* Exercise brief
Starting at the line below with "Handwoven Natural Jute" and stopping at the line with "在會議廳內吸聲材料和結構具有", please print each line exactly, those two included, and skip every picture.

* Available records
· · · · · · ·

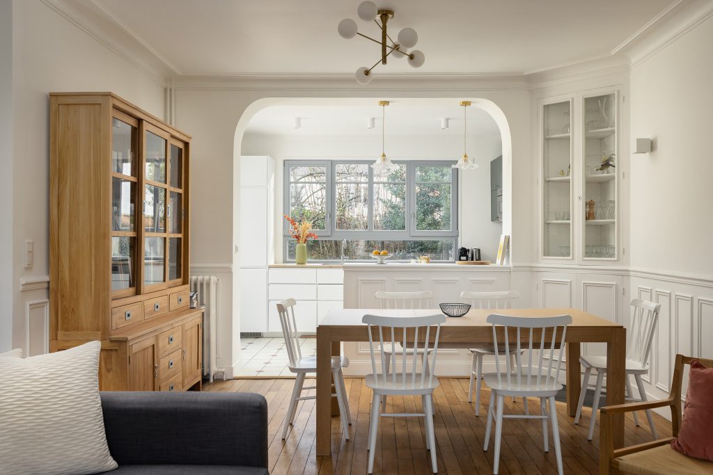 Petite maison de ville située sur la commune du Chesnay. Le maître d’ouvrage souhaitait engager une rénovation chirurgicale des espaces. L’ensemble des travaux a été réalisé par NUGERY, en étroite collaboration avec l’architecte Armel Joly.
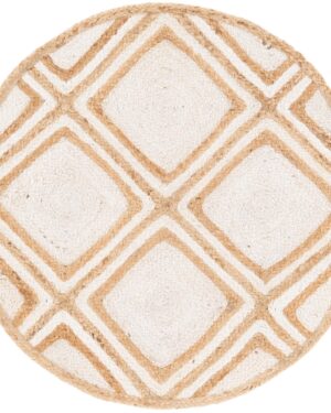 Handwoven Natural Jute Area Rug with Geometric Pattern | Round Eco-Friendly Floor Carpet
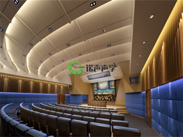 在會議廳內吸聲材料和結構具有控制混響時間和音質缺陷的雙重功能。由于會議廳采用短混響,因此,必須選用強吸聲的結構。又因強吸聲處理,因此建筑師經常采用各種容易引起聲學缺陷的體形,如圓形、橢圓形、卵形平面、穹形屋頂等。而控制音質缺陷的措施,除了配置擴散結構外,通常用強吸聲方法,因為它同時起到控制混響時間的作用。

· · · · · · ·

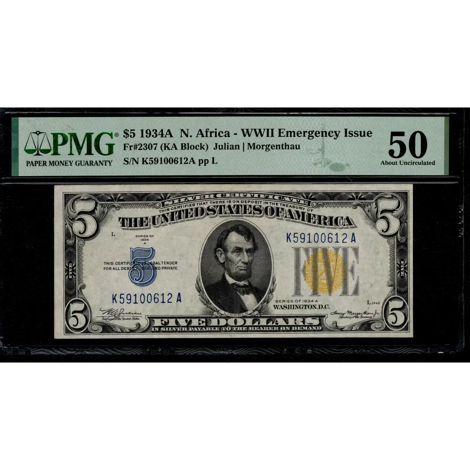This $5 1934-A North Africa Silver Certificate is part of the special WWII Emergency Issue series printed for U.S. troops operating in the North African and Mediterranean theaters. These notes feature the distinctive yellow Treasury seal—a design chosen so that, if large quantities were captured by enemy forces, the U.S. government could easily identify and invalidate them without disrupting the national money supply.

· · · · · · ·

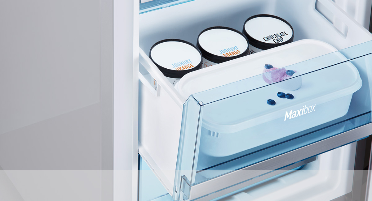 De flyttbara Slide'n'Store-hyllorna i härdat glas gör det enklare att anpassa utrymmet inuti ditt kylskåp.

· · · · · · ·

* Task result
 Handwoven Natural Jute Area Rug with Geometric Pattern | Round Eco-Friendly Floor Carpet
 在會議廳內吸聲材料和結構具有控制混響時間和音質缺陷的雙重功能。由于會議廳采用短混響,因此,必須選用強吸聲的結構。又因強吸聲處理,因此建筑師經常采用各種容易引起聲學缺陷的體形,如圓形、橢圓形、卵形平面、穹形屋頂等。而控制音質缺陷的措施,除了配置擴散結構外,通常用強吸聲方法,因為它同時起到控制混響時間的作用。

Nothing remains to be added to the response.